After BitDefender v10 OEM scanned my system it detected "Trojan.Kobcka.BS"s, "Trojan.Pandex.AC"s and "Trojan.Dropper.RNY"s in the Inbox and Junk folders of my Thunderbird e-mail profile. I did a scan over 2 weeks ago and BitDefender didn't detect these trojans in any e-mail attachments at that time.
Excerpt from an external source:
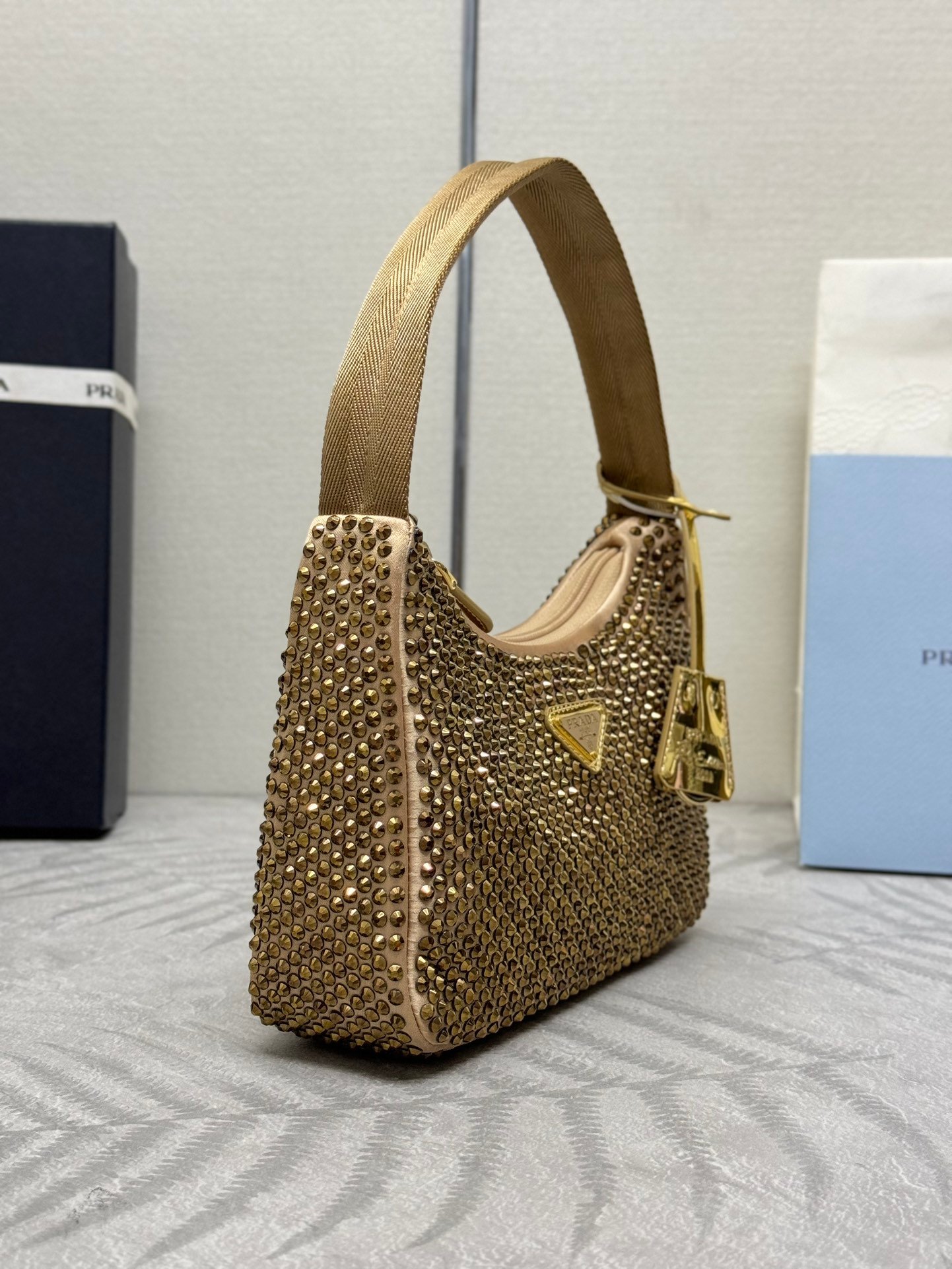 🎉 Golden Diamond Hobo2000 🎉 2023 1NE515 Flash Diamond, Gold Diamond 🎉🎉 The most beautiful and sparkling water diamond Hobo ؔ 😘😘 The imported diamond mesh has a shiny appearance, and the blinding effect under the night light is very eye-catching, with a high rate of turning back 🙈🙈 Wherever you go, you will be praised by people in various ways 😘 This sparkling diamond bag is also very easy to match with clothing, it can be both fairy and cool, suitable for any occasion, Hobo explosive elements have been Netflix / stars recognized, another permanent fire Hobo 🙊🙊 worth getting 👍 beauties 😘 L23xH13xBottom5cm

I have now deleted the contents of my Junk folder and emptied my Deleted folder and have done another scan of my Thunderbird e-mail profile. It's detected the exact same 8 trojans in the same 4 e-mails it did before. 2 are supposedly in Inbox and 2 are supposedly in Junk. I can't find any of these supposed e-mails in either my Inbox folder or the now emptied Junk folder. I searched for the subject headers it listed such as "Merry Christmas" and search didn't find anything in Thunderbird.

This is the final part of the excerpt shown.